Perguntas frequentes
O que é trombocitopenia imunomediada em cachorro?+
Trombocitopenia Imunomediada Primária (IMTP) — também chamada PTI (Púrpura Trombocitopênica Idiopática) ou ITP (Immune Thrombocytopenia) — é a destruição das plaquetas mediada por autoanticorpos. O sistema imune produz anticorpos IgG que se ligam à superfície das plaquetas (e/ou megacariócitos, as células que produzem plaquetas na medula óssea), marcando-as para destruição pelo baço e pelo fígado. O resultado é queda acentuada do número de plaquetas (plaquetopenia severa — frequentemente < 20.000/μL, normal 200.000-500.000/μL). Com plaquetas baixas, a hemostasia primária (formação do tampão plaquetário) fica comprometida → hemorragias. A IMTP primária é idiopática (sem causa identificável); a secundária ocorre em associação a outras doenças (leishmaniose, ehrlichia, lupus, neoplasias) que desencadeiam a autoimunidade.

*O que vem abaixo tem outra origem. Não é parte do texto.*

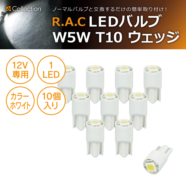 【在庫限】R.A.C LED W5W T10 12V5W ウェッジ 発光色ホワイト 10個入り (商品コード:500213)
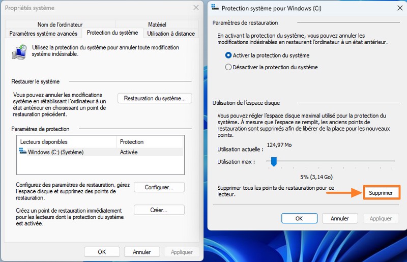 Si vous souhaitez supprimer un ou plusieurs points de restauration de Windows, sachez qu'il y a un bouton "Supprimer" accessible via les paramètres de configuration, dans la section "Protection du système". L'inconvénient, c'est qu'il va supprimer l'ensemble des points de restauration présents sur votre PC, pour le lecteur sélectionné. L'alternative consiste à utiliser l'outil de "Nettoyage de disque" de Windows, mais le résultat sera le même.
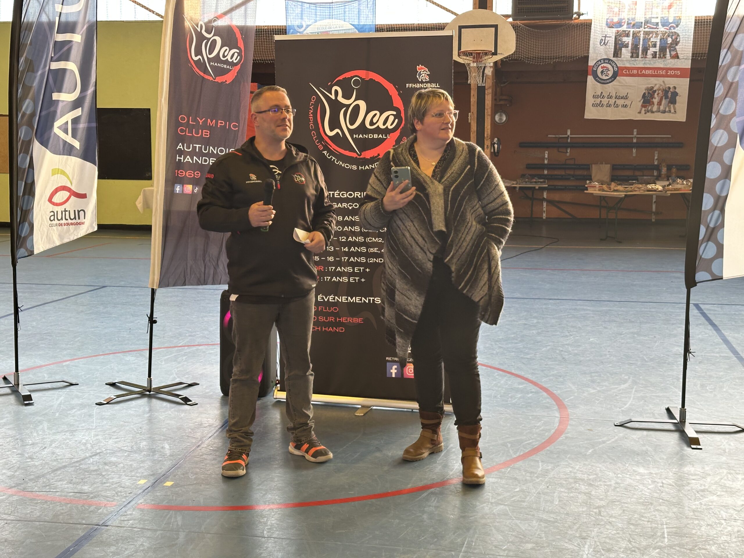 Et c’était l’effervescence au gymnase Saint-Roch : près de 200 jeunes licenciés de l’Olympic Club Autunois sont venus accueillir Nikola Karabatic avec quelques membres de leur famille. Vincent Chauvet, maire d’Autun, Cathy Nicolao-Verdenet, Éric Marchand, Patrick Cayeux, adjoints au maire, Céline Goudier-Poszwa, Jean-Louis Cormier et Alain Dichant, conseillers municipaux, étaient également tous présents pour rencontrer le handballeur professionnel. Vincent Chauvet a pris la parole quelques instants pour remettre à Nikola Karabatic la médaille de la ville.
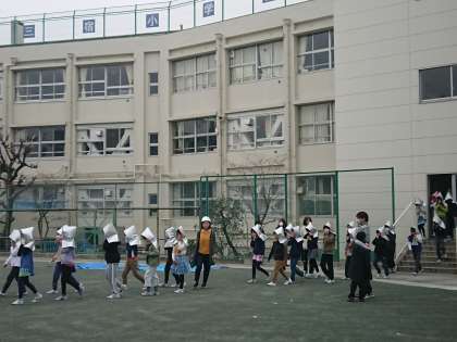 朝の避難訓練の様子
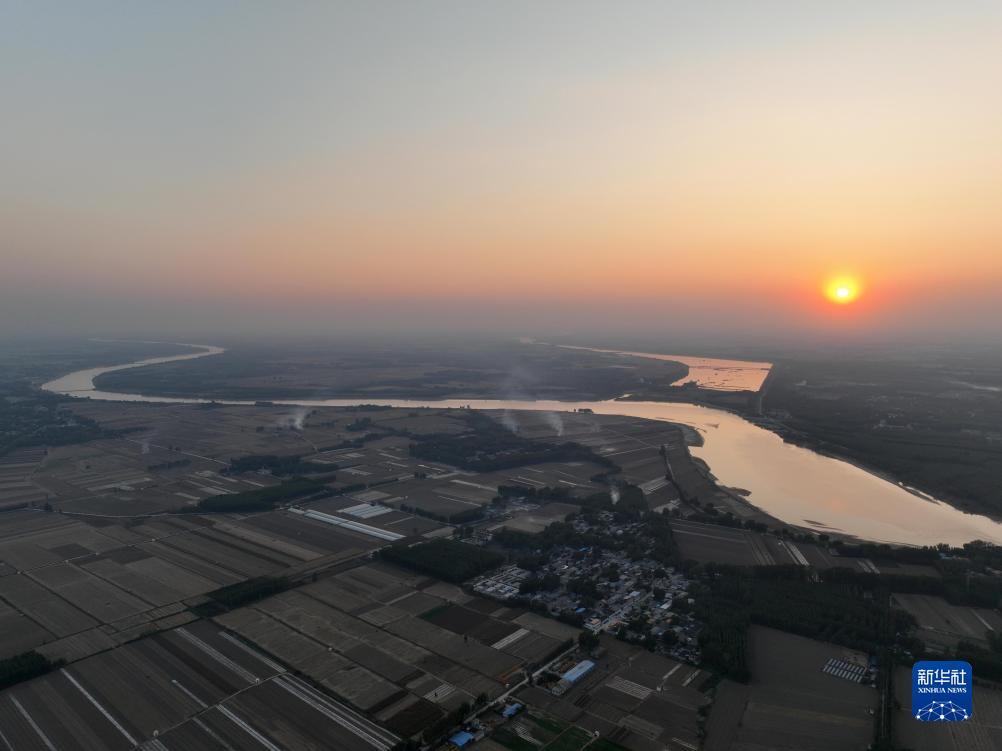 山東聊城位山灌區黃河位山閘附近景色(10月10日攝,無(wú)人機照片)。

Quais são os sinais de trombocitopenia imunomediada em cachorro?+
Os sinais refletem a falha na hemostasia primária (plaquetária) — hemorragias espontâneas em locais que dependem de plaquetas para parar: Petéquias (pontos vermelhos minúsculos, 1-3 mm) e equimoses (manchas roxas maiores) na pele, nas mucosas (gengiva, conjuntiva, vulva) e na esclerótica ocular — o sinal mais característico e fácil de identificar. Epistaxe (sangramento nasal espontâneo). Hifema (sangue no olho — câmara anterior). Melena (fezes enegrecidas por sangue digerido) ou hematoquesia (sangue vivo nas fezes). Hematúria (sangue na urina). Hemorragia vaginal fora do cio. Em casos graves: hemorragia intracraniana (emergência), hemorragia pulmonar, hemorragia retroperitoneal. Importante: o cão com IMTP isolada frequentemente está alerta e bem até as petéquias ou o sangramento serem percebidos pelo tutor — não é sempre que o cão parece 'doente'.
Como diagnosticar trombocitopenia imunomediada em cachorro?+
Hemograma: plaquetopenia severa (< 50.000-30.000/μL — frequentemente < 20.000/μL na IMTP grave). Morfologia das plaquetas: plaquetas grandes (macroplaquetas) indicam produção medular compensatória ativa — sinal positivo de que a medula está respondendo. Esfregaço de sangue periférico (manual): confirma a plaquetopenia e exclui pseudoplaquetopenia por agregação in vitro. Mielograma (aspirado de medula óssea): número de megacariócitos aumentado (produção ativa com destruição periférica — padrão de IMTP) vs. reduzido (falha de produção = aplasia). O mielograma não é obrigatório em todos os casos mas é importante para distinguir IMTP de aplasia de medula. Investigação de causas secundárias (IMTP secundária): sorologia/PCR para Ehrlichia, Leishmania, Anaplasma; ANA (anticorpos antinucleares — LES); pesquisa de neoplasia (ultrassonografia abdominal, radiografia torácica); medicamentos que podem causar plaquetopenia. Tempo de coagulação (TP, TTPA): normais na IMTP pura (apenas plaquetas comprometidas, não os fatores de coagulação) — diferenciam de CIVD.
Como tratar trombocitopenia imunomediada em cachorro?+
Tratamento imunossupressor é a base. Prednisolona: 1-2 mg/kg/dia VO (dose imunossupressora) — reduz a destruição de plaquetas pelo baço e inibe a produção de autoanticorpos; resposta em 5-14 dias; plaquetas geralmente sobem para > 100.000/μL em 2-3 semanas. Após remissão: redução gradual ao longo de 3-4 meses para encontrar a dose mínima eficaz. Azatioprina: 1,5-2 mg/kg/dia — adicionada se resposta lenta ou incompleta à prednisolona, ou para reduzir a dose de corticoide; efeito com latência de 4-6 semanas. Ciclosporina: 5-10 mg/kg/dia VO — alternativa ou adjuvante. Imunoglobulina humana IV (IVIG): 0,5-1 g/kg IV — resposta rápida (24-72h), mecanismo: satura os receptores Fc no baço, impedindo a destruição das plaquetas marcadas com anticorpo; custo alto, uso em casos graves com hemorragia ativa ou plaquetas < 10.000/μL. Transfusão de plaquetas: raramente disponível; sem duração (plaquetas transfundidas são destruídas em horas pela IMTP ativa); reservada para hemorragia com risco de morte enquanto o imunossupressor não fez efeito. Esplenectomia: para IMTP refratária ou corticodependente — o baço é o principal órgão de destruição das plaquetas; disponível como terceira linha.